Top of Material for the task

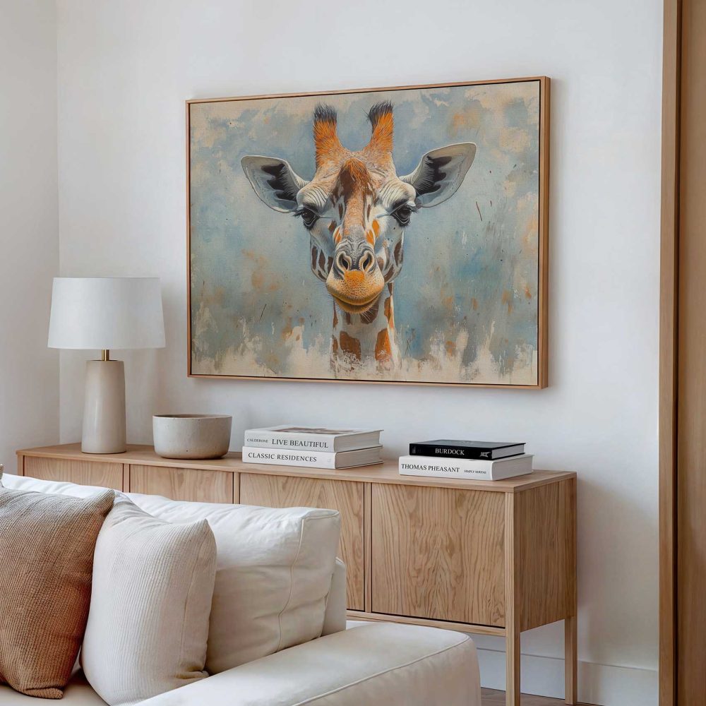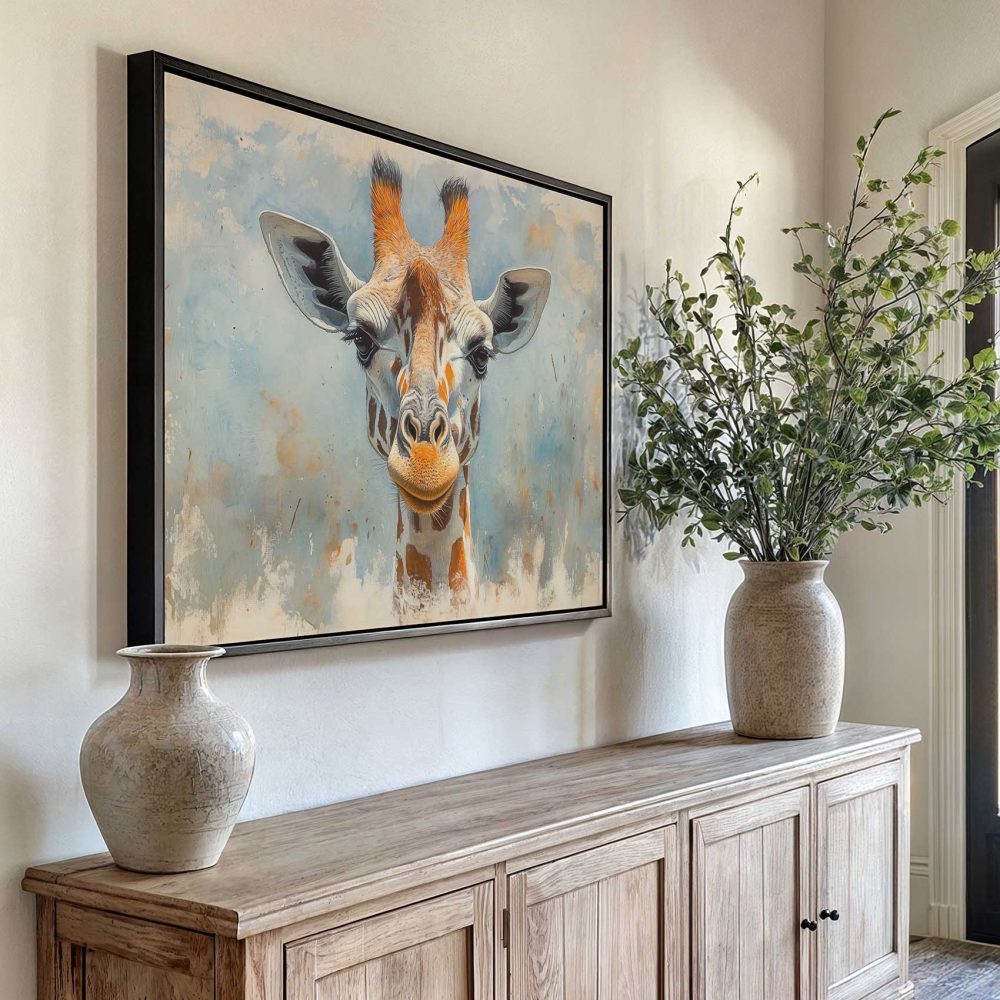 Terug naar collectie / Schilderijen / Dieren Schilderij / Vriendelijke giraf close-up schilderij
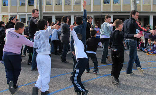 Cet après midi les troubadours sont allés à l’école de la colline, pour danser dans la cour. Depuis les fenêtres du QG, la salle photo de la MJC, on les voyait danser. On voyait les enfants qui étaient en cour de sport sur le terrain d’à côté s’agglutiner contre le grillage. On a vu les enfants essayer des chorégraphies, faire l’adage. Des enfants enthousiastes. les troubadours ont pris beaucoup de plaisir à échanger avec ce public vivant et affectueux.
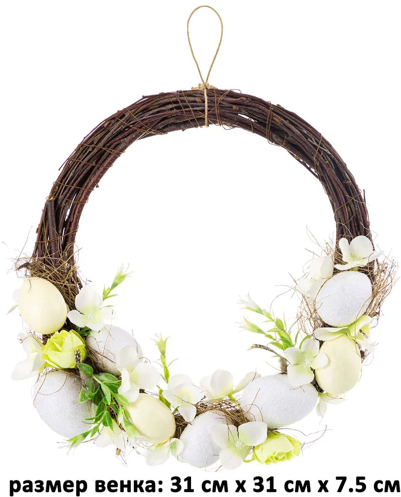 💳 Оплатить за товар можно при получении 🇰🇿 Есть бесплатная доставка по Казахстану от 1 дня 🎁 Копите бонусы с каждой покупки Серия: Солнечный свет Пасхальное украшение Elan Gallery «Солнечный свет» принесет в ваш дом атмосферу тепла, радости и уюта. Круглая форма венка символизирует бесконечный круг жизни и вечного возрождения. Декор в виде пасхальных яиц на венке выполнен из пенопласта. Плетёный венок имеет петельку для подвешивания из веревочки, благодаря которой его удобно разместить на двери или стене. Украшен веточками, искусственными цветами и пасхальными яйцами в белых и жёлтых тонах. Все содержимое венка закреплено на прочной основе. |
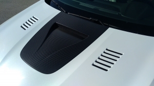 Depois há o capót em fibra de vidro e de carbono, com uma entada “NACA” a meio, para-choques com mais entradas de ar para radiadores e travões e um extrator atrás, que faz mesmo “downforce.”
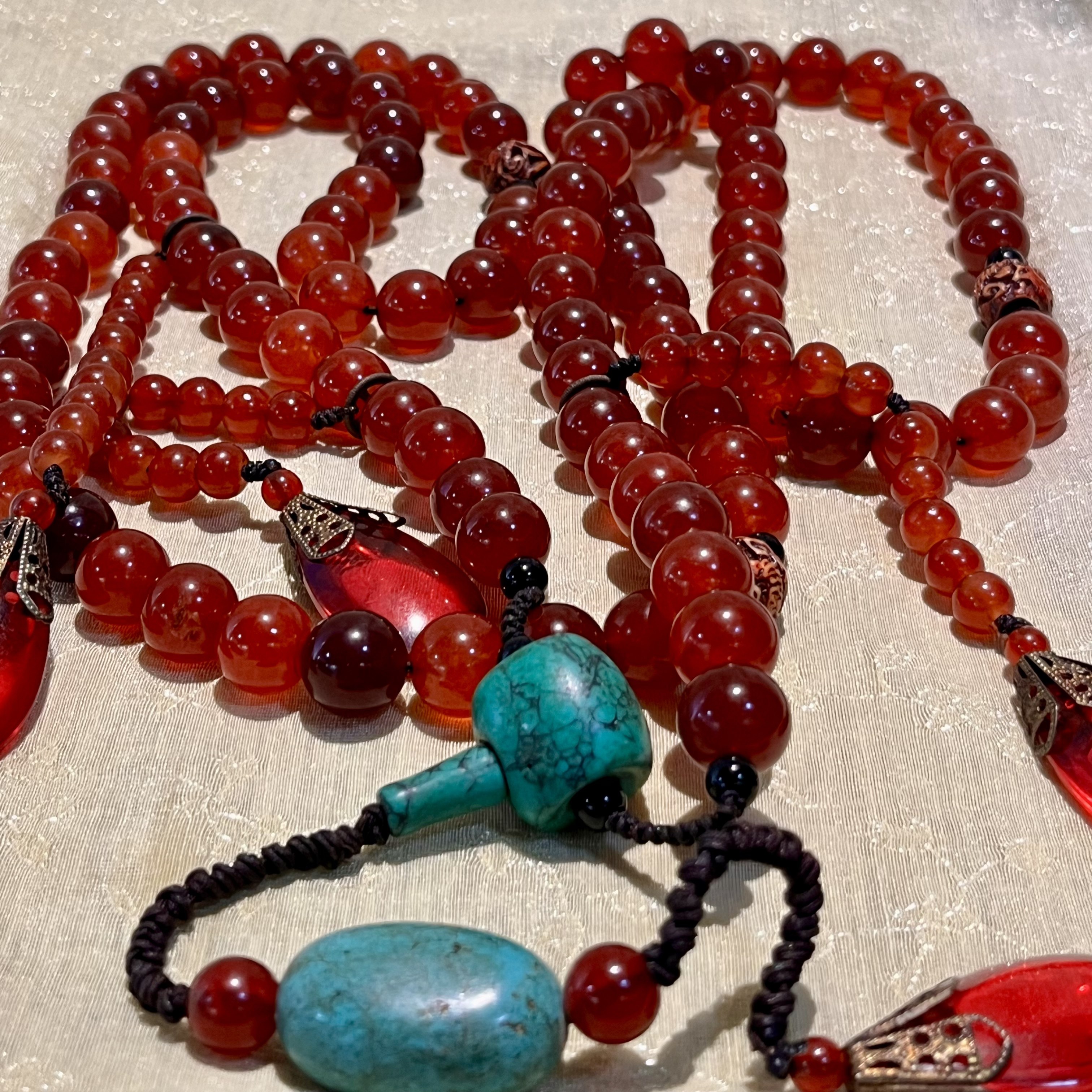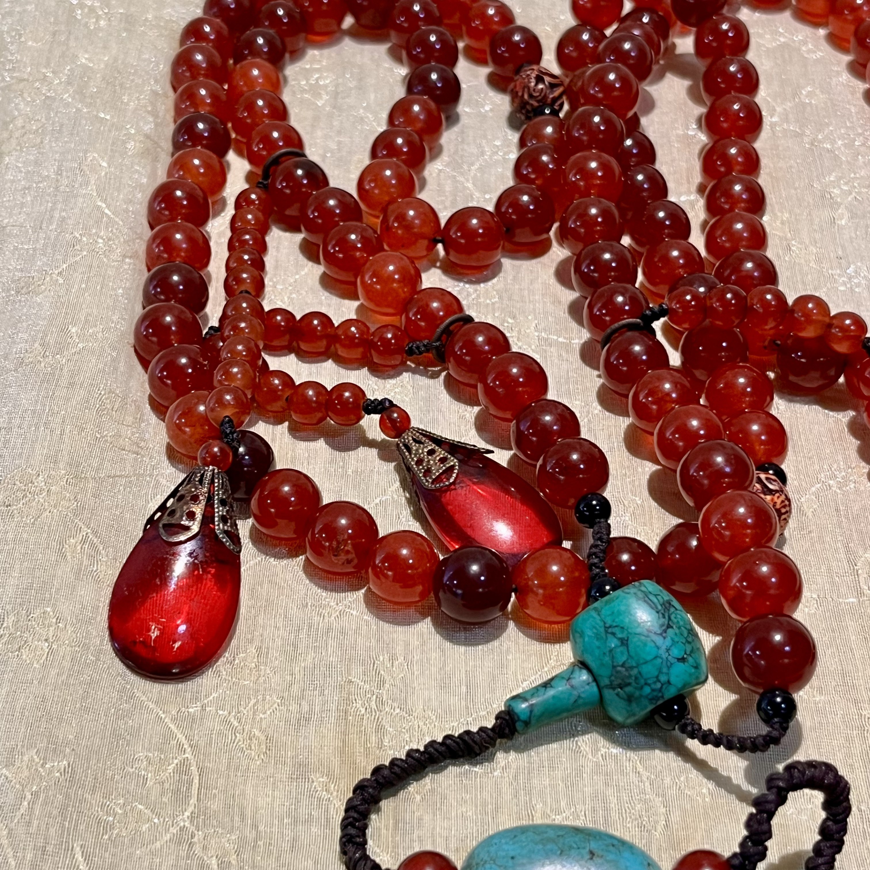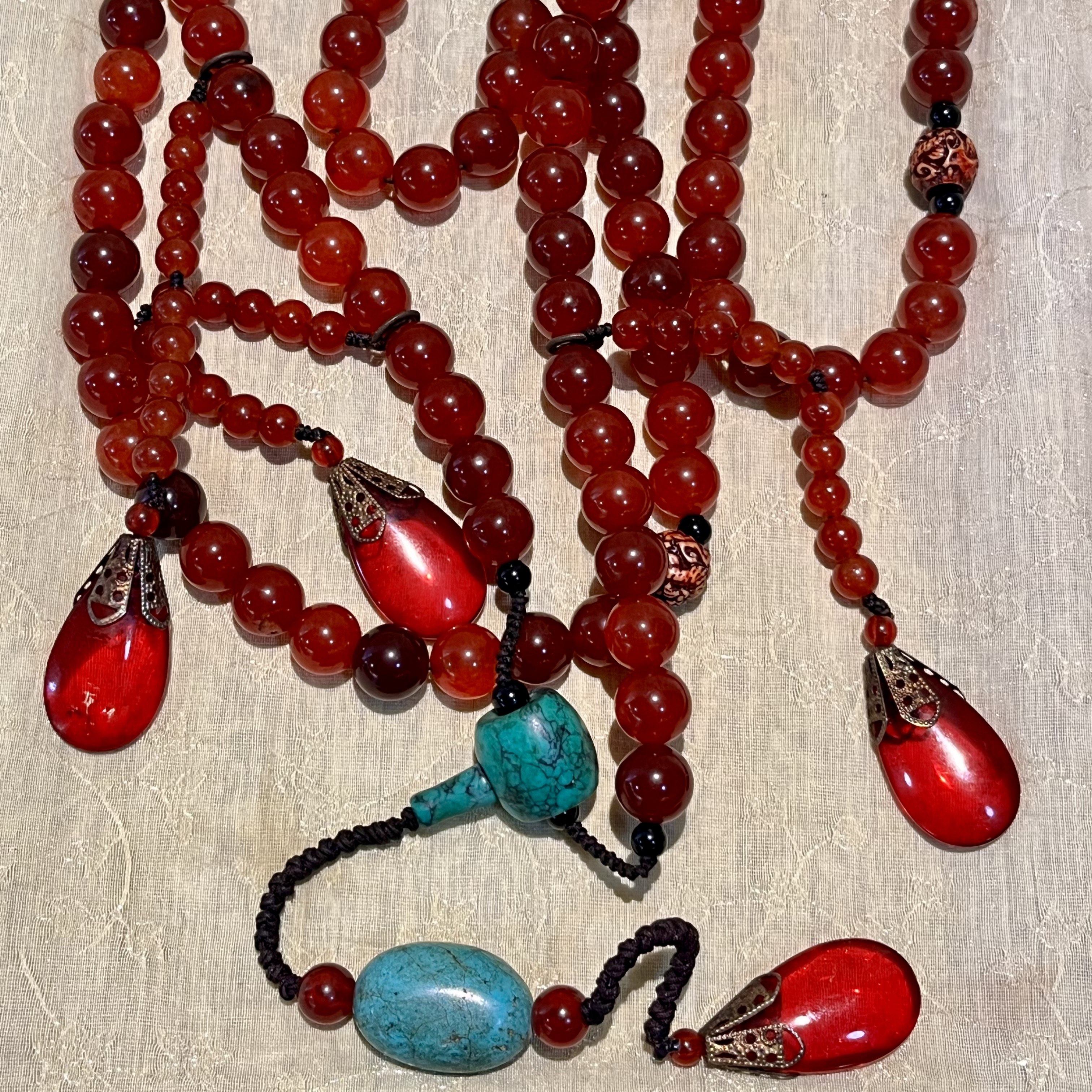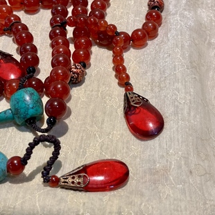 女款 南红绿松石朝珠国风天然饰品圆珠古玩文玩多用手串新中式 男款
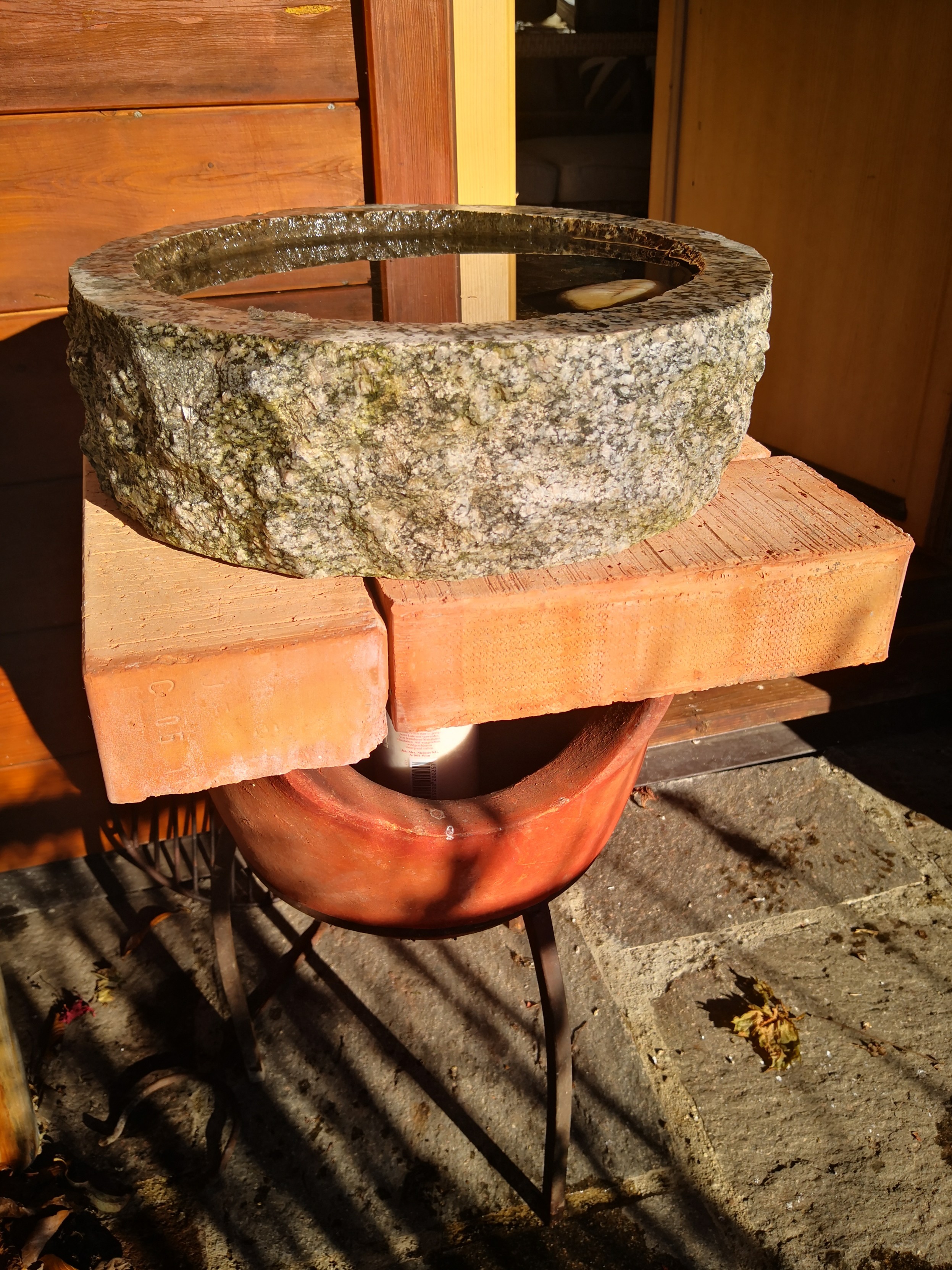Ich biete meinen gefiederten Gästen seit letztem Jahr eine beheizte #Vogeltränke. Self-made. Letztes Jahr mit Ziegel, diesmal nutze ich eine Terracotta Ofen / Grill. Unten ein 10 Tage Grablicht.

Bottom of Material for the task

Work instruction: With the pictures removed, the entries above should be transcribed exactly.

Task answer:
 Terug naar collectie / Schilderijen / Dieren Schilderij / Vriendelijke giraf close-up schilderij
 Cet après midi les troubadours sont allés à l’école de la colline, pour danser dans la cour. Depuis les fenêtres du QG, la salle photo de la MJC, on les voyait danser. On voyait les enfants qui étaient en cour de sport sur le terrain d’à côté s’agglutiner contre le grillage. On a vu les enfants essayer des chorégraphies, faire l’adage. Des enfants enthousiastes. les troubadours ont pris beaucoup de plaisir à échanger avec ce public vivant et affectueux.
 💳 Оплатить за товар можно при получении 🇰🇿 Есть бесплатная доставка по Казахстану от 1 дня 🎁 Копите бонусы с каждой покупки Серия: Солнечный свет Пасхальное украшение Elan Gallery «Солнечный свет» принесет в ваш дом атмосферу тепла, радости и уюта. Круглая форма венка символизирует бесконечный круг жизни и вечного возрождения. Декор в виде пасхальных яиц на венке выполнен из пенопласта. Плетёный венок имеет петельку для подвешивания из веревочки, благодаря которой его удобно разместить на двери или стене. Украшен веточками, искусственными цветами и пасхальными яйцами в белых и жёлтых тонах. Все содержимое венка закреплено на прочной основе. |
 Depois há o capót em fibra de vidro e de carbono, com uma entada “NACA” a meio, para-choques com mais entradas de ar para radiadores e travões e um extrator atrás, que faz mesmo “downforce.”
 女款 南红绿松石朝珠国风天然饰品圆珠古玩文玩多用手串新中式 男款
Ich biete meinen gefiederten Gästen seit letztem Jahr eine beheizte #Vogeltränke. Self-made. Letztes Jahr mit Ziegel, diesmal nutze ich eine Terracotta Ofen / Grill. Unten ein 10 Tage Grablicht.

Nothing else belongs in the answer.